- Morgan Stanley protocolou a Emenda nº 4 ao registro S-1 do Morgan Stanley Bitcoin Trust na SEC em 1º de abril de 2026
- O ETF MSBT terá taxa anualizada de 0,14%, abaixo dos 0,25% cobrados pelo iShares Bitcoin Trust (IBIT) da BlackRock
- O analista de ETFs da Bloomberg James Seyffart avalia que o produto pode ser lançado na próxima semana
A Morgan Stanley protocolou nesta terça-feira (1) a Emenda nº 4 ao formulário S-1 de registro junto à Securities and Exchange Commission (SEC) para o Morgan Stanley Bitcoin Trust.
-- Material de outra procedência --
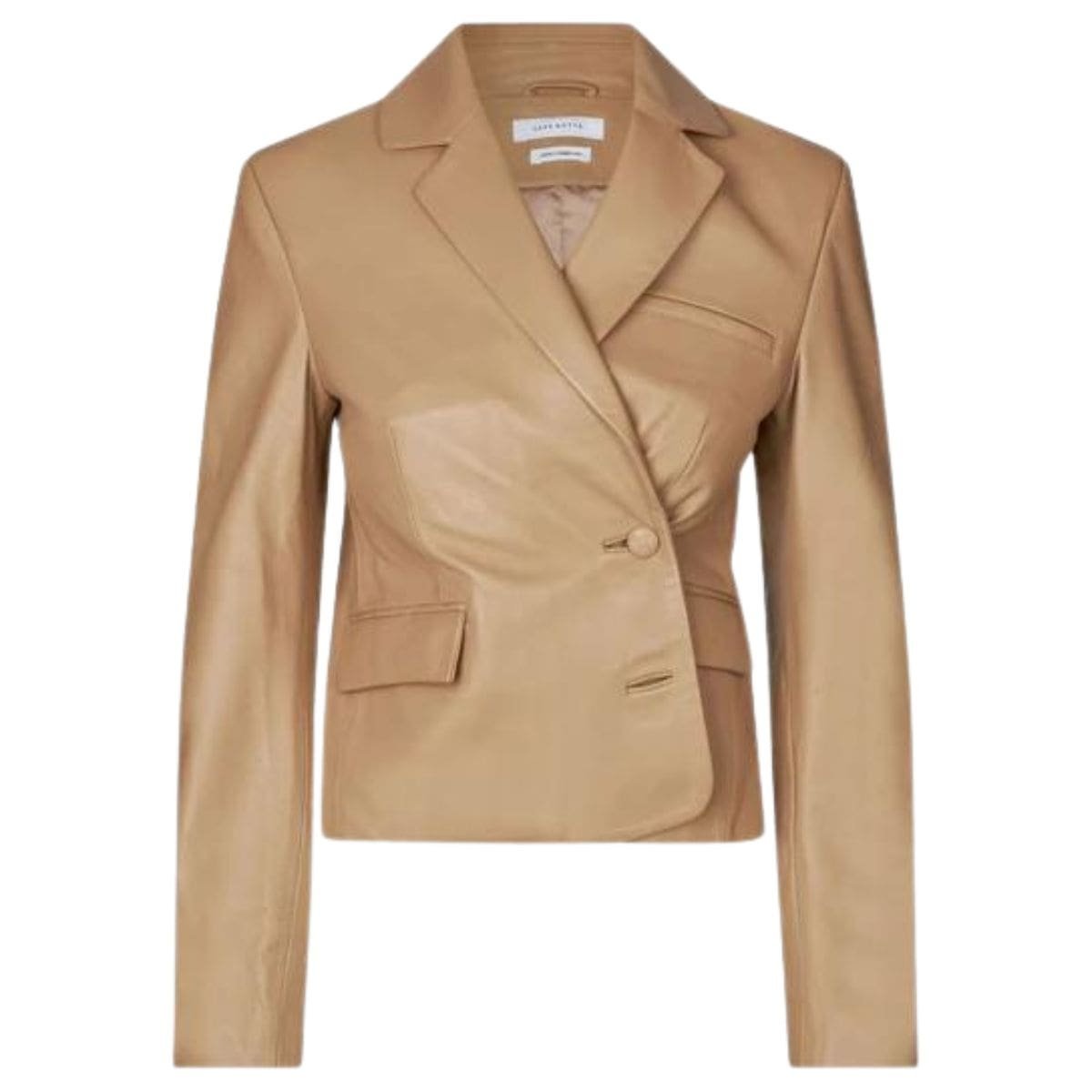 The Saks Potts Matteo Blazer in Chickpea is a refined and stylish piece that epitomizes modern sophistication. This blazer is crafted from a luxurious blend of materials, offering both comfort and durability. Its versatile chickpea color, a soft and muted beige, adds a touch of understated elegance to any wardrobe, making it an ideal choice for both professional and casual settings.
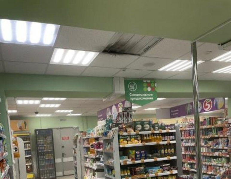 После закрытия торговой точки в зале замкнула потолочная лампа.
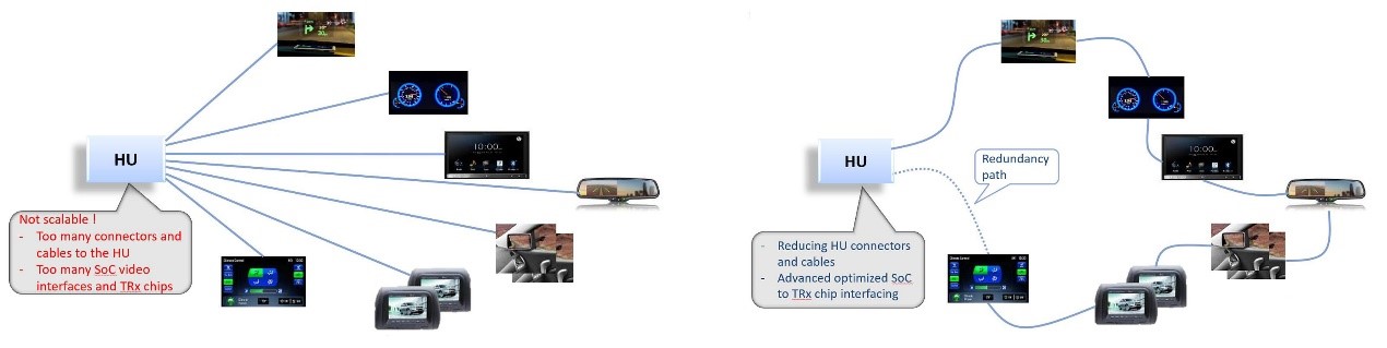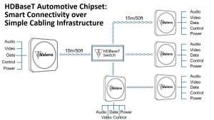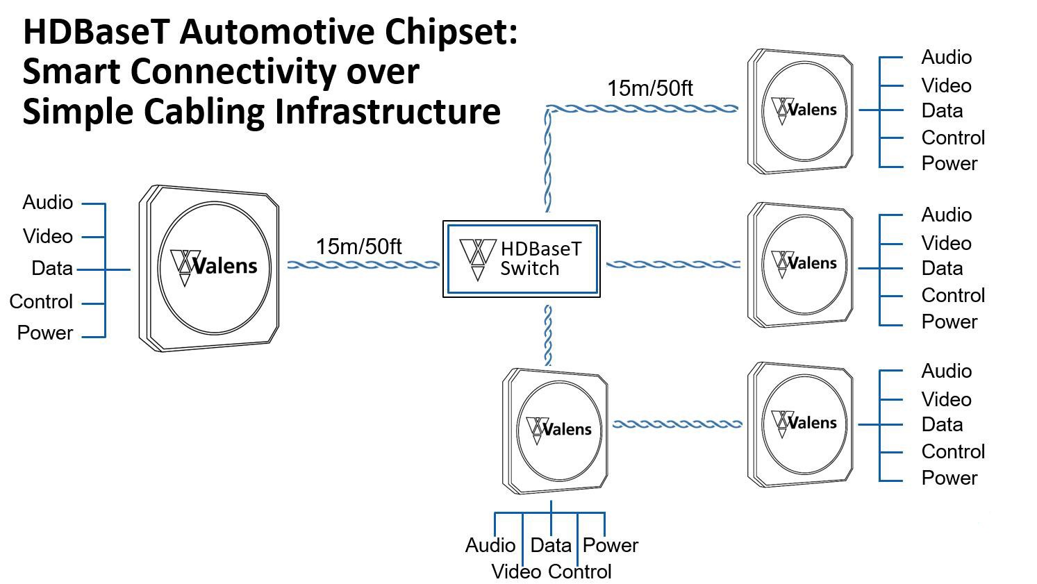 在邁向自動駕駛的過程中,除了車載傳感器的融合以外,我們也從Valens汽車電子事業部高級業務拓展經理鄧濤那里,了解了有線連接的融合方案。“車里面有很多東西要傳:音頻、視頻、以太網、控制、串口、電源等等。我們把所有這些信號,聚合到一根線上傳。”這實際就是Valens的HDBaseT車載芯片,通過一根線來實現智能連接。在高速、低延遲之外,“最小是2Gbps帶寬,4G/8G都有,明年我們會出16Gbps的”,實現一根線纜傳輸這么多信號“并不簡單,我們是多點到多點的通信,需要尋址、需要協議棧,我們將這套方案做好。視頻信號有視頻包頭,音頻信號有音頻包頭,可在10ms以內將數據直接恢復出來。”

O documento detalha os planos de listar o fundo de índice negociado em bolsa na NYSE Arca sob o ticker MSBT. A atualização reforça que o produto entra na reta final do processo de aprovação regulatória nos Estados Unidos.
O analista de ETFs da Bloomberg James Seyffart avaliou o protocolo como sinal claro de que o lançamento está próximo. Para ele, as modificações são ajustes pontuais baseados em feedbacks e comentários da SEC. Seyffart apontou que a emenda deve ser a última antes da publicação do prospecto definitivo.
A emenda traz revisões na estrutura operacional, nos acordos de custódia e na mecânica de criação e resgate de cotas. O documento também atualiza a metodologia de precificação atrelada ao CoinDesk Bitcoin Benchmark e inclui novas divulgações sobre riscos, taxas e prestadores de serviço. As mudanças refletem o ciclo padrão de revisão regulatória antes da aprovação final de um ETF de Bitcoin nos EUA.
Morgan Stanley Bitcoin Trust opera como veículo passivo, sem alavancagem
O Morgan Stanley Bitcoin Trust se apresenta como um veículo passivo de rastreamento do preço do Bitcoin, sem estratégias ativas de negociação. O prospecto deixa claro que o fundo não vende BTC especulativamente em momentos de alta nem acumula posições em quedas na expectativa de valorização futura. A estrutura segue o modelo adotado pelos ETFs de Bitcoin aprovados nos Estados Unidos desde janeiro de 2024.
“O trust não utilizará alavancagem, derivativos ou qualquer arranjo similar para atingir seu objetivo de investimento”, aponta o documento protocolado na SEC. O índice CoinDesk Bitcoin Benchmark serve como base para todos os cálculos do valor patrimonial líquido do fundo. O banco atua como delegated sponsor por meio da Morgan Stanley Investment Management.
Taxa de 0,14% posiciona MSBT abaixo do IBIT da BlackRock na guerra de custos
A taxa de administração anualizada do MSBT será de 0,14%, acumulada diariamente sobre o valor patrimonial líquido do fundo. O percentual fica abaixo dos 0,25% cobrados pelo iShares Bitcoin Trust (IBIT) da BlackRock, o maior ETF de Bitcoin do mundo em volume de ativos. A competição de taxas entre os principais emissores já era esperada desde que o banco sinalizou a entrada no segmento.
A disputa por custos menores entre os emissores de ETFs de Bitcoin nos EUA se intensificou desde a aprovação dos primeiros produtos no início de 2024. Emissores como Fidelity, Invesco e Franklin Templeton também reduziram suas cobranças para atrair capital institucional. A entrada da Morgan Stanley com taxa ainda menor amplia a pressão sobre os concorrentes, segundo analistas do setor.
O banco já oferece acesso a ETFs de Bitcoin de terceiros para clientes de wealth management desde meados de 2024. Com o MSBT, a instituição passa a competir diretamente no segmento com produto próprio listado na NYSE Arca. A aprovação final da SEC representa o último passo antes de o fundo começar a operar para investidores institucionais e de varejo nos Estados Unidos.